- WORK INSTRUCTION:
Give a verbatim copy of the lines below, minus the pictures.

==== SOURCE DATA ====

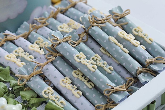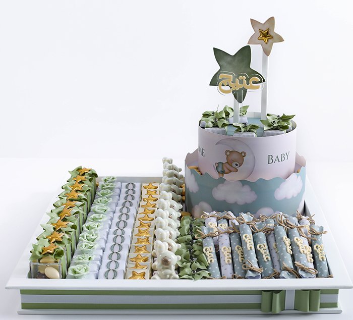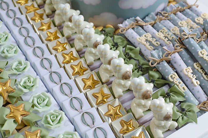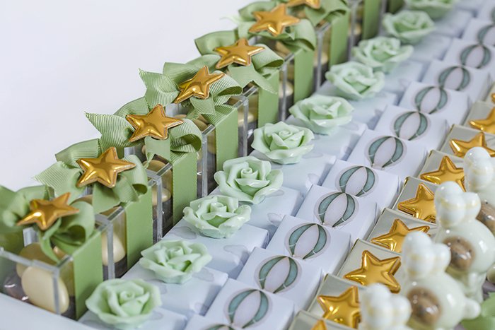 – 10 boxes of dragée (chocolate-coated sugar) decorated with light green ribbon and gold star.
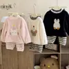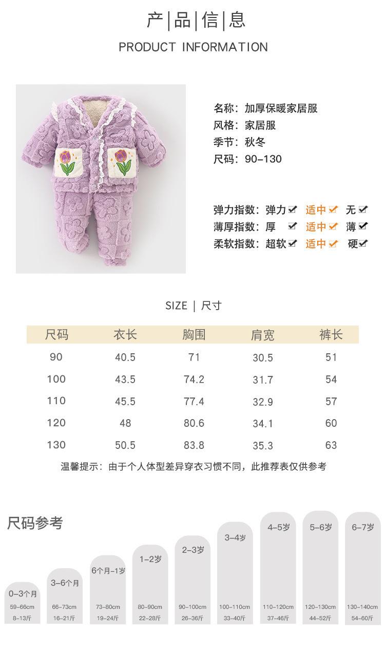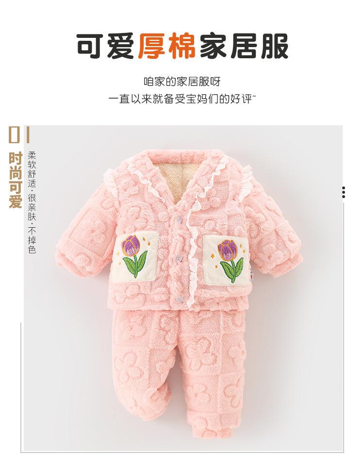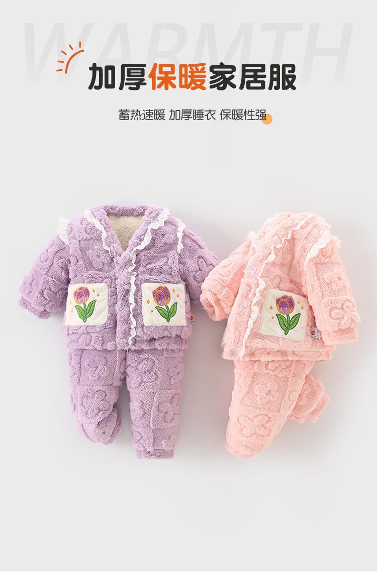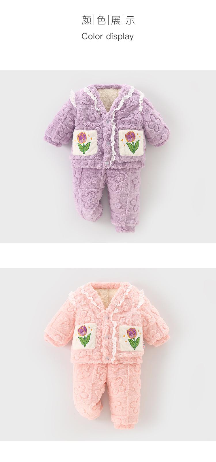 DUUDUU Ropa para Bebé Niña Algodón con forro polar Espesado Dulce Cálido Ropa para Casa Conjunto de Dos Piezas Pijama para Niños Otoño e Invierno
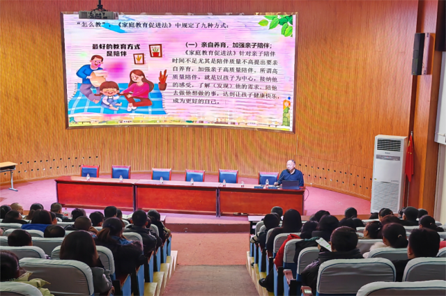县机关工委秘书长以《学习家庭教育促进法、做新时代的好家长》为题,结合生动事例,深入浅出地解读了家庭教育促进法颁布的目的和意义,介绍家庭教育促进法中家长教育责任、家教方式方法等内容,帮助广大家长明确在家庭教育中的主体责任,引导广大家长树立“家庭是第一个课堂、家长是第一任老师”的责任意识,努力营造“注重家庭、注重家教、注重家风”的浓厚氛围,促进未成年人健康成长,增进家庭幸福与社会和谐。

====

- YOUR SOLUTION:
 – 10 boxes of dragée (chocolate-coated sugar) decorated with light green ribbon and gold star.
 DUUDUU Ropa para Bebé Niña Algodón con forro polar Espesado Dulce Cálido Ropa para Casa Conjunto de Dos Piezas Pijama para Niños Otoño e Invierno
县机关工委秘书长以《学习家庭教育促进法、做新时代的好家长》为题,结合生动事例,深入浅出地解读了家庭教育促进法颁布的目的和意义,介绍家庭教育促进法中家长教育责任、家教方式方法等内容,帮助广大家长明确在家庭教育中的主体责任,引导广大家长树立“家庭是第一个课堂、家长是第一任老师”的责任意识,努力营造“注重家庭、注重家教、注重家风”的浓厚氛围,促进未成年人健康成长,增进家庭幸福与社会和谐。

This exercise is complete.